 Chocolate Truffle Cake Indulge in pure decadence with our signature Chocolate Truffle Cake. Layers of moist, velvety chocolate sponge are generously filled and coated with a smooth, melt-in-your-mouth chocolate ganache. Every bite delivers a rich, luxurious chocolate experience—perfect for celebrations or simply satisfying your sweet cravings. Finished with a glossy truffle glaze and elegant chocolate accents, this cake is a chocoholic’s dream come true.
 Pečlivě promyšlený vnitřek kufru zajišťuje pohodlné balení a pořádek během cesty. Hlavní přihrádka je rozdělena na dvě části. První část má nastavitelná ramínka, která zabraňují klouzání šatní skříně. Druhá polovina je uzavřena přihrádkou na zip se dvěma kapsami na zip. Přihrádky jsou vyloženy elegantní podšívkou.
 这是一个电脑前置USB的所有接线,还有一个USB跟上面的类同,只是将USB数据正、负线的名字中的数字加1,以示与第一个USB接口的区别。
* * *
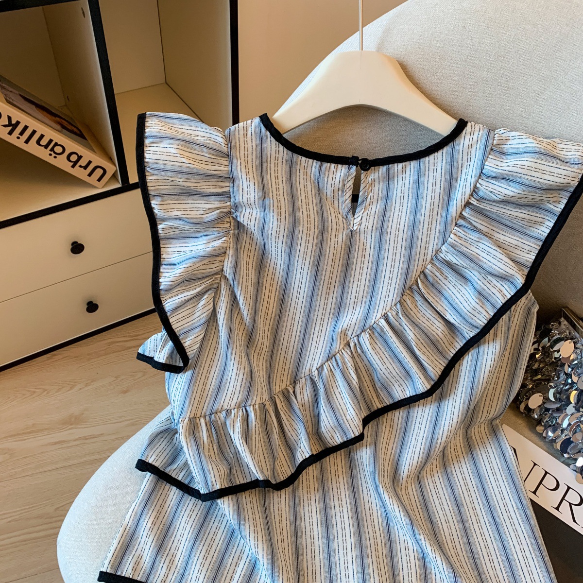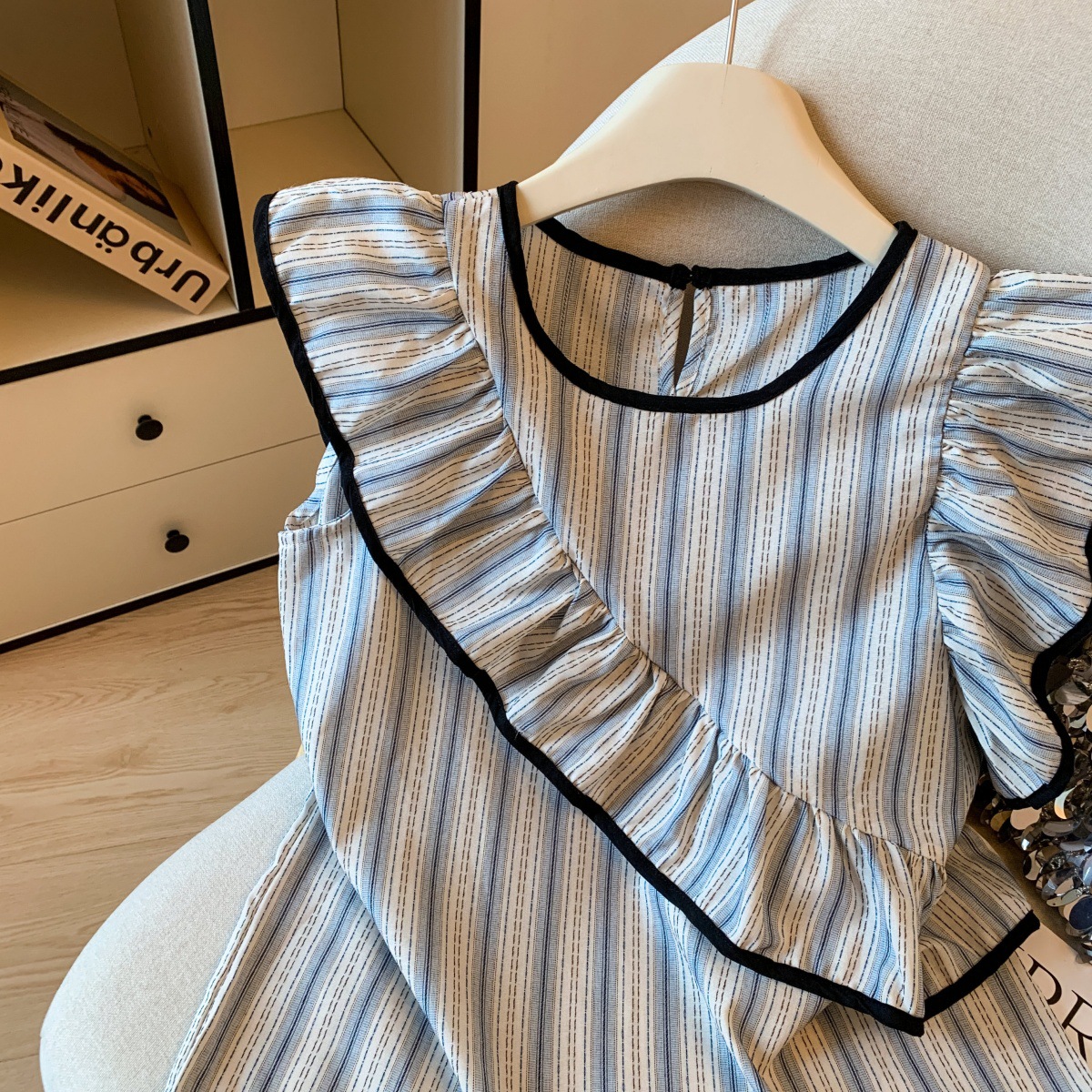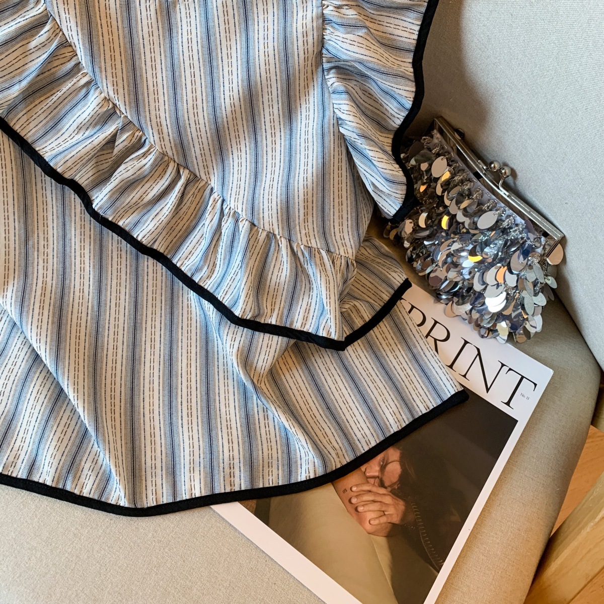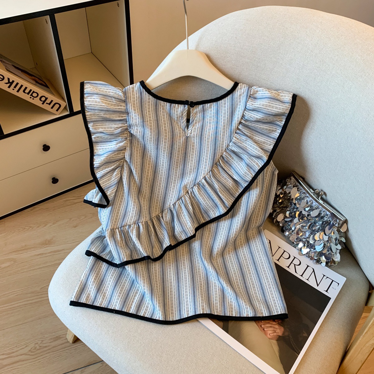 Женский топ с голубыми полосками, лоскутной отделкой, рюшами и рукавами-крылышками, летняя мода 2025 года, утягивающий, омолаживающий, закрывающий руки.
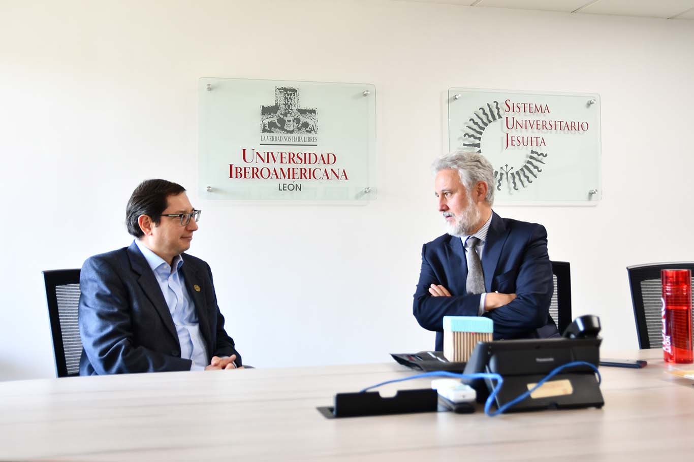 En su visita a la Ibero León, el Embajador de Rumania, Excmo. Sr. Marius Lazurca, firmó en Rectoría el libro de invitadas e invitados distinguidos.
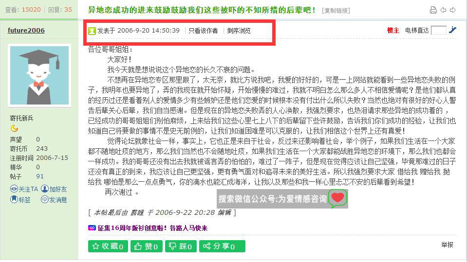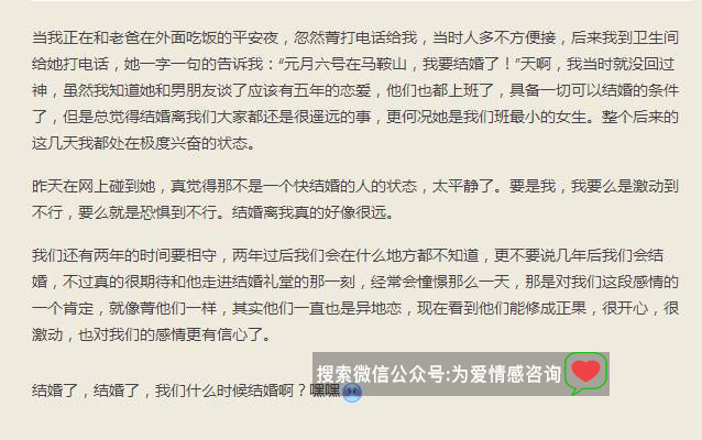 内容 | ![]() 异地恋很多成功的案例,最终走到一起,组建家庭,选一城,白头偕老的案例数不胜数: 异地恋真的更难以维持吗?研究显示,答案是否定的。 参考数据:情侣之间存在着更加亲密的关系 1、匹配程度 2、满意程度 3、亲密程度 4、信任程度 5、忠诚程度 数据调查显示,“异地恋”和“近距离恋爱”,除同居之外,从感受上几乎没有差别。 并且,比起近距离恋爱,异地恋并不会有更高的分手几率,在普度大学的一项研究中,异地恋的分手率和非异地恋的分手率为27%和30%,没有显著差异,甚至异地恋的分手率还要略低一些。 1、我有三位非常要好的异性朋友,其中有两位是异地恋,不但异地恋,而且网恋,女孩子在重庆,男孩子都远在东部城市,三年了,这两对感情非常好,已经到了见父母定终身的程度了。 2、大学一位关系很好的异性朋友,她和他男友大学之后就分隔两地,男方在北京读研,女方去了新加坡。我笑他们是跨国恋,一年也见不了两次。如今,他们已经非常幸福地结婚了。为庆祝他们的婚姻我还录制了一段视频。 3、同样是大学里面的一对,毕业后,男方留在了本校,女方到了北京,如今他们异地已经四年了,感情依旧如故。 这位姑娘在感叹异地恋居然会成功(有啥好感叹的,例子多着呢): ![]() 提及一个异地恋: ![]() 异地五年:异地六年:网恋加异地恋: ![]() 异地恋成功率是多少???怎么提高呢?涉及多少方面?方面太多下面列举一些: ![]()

## [Task directions]
Look above for the line with "Chocolate Truffle Cake Indulge" and the line with "这是一个电脑前置USB的所有". Retype those two lines and every line between them exactly, adding nothing.

## [Solution to the problem]
 Chocolate Truffle Cake Indulge in pure decadence with our signature Chocolate Truffle Cake. Layers of moist, velvety chocolate sponge are generously filled and coated with a smooth, melt-in-your-mouth chocolate ganache. Every bite delivers a rich, luxurious chocolate experience—perfect for celebrations or simply satisfying your sweet cravings. Finished with a glossy truffle glaze and elegant chocolate accents, this cake is a chocoholic’s dream come true.
 Pečlivě promyšlený vnitřek kufru zajišťuje pohodlné balení a pořádek během cesty. Hlavní přihrádka je rozdělena na dvě části. První část má nastavitelná ramínka, která zabraňují klouzání šatní skříně. Druhá polovina je uzavřena přihrádkou na zip se dvěma kapsami na zip. Přihrádky jsou vyloženy elegantní podšívkou.
 这是一个电脑前置USB的所有接线,还有一个USB跟上面的类同,只是将USB数据正、负线的名字中的数字加1,以示与第一个USB接口的区别。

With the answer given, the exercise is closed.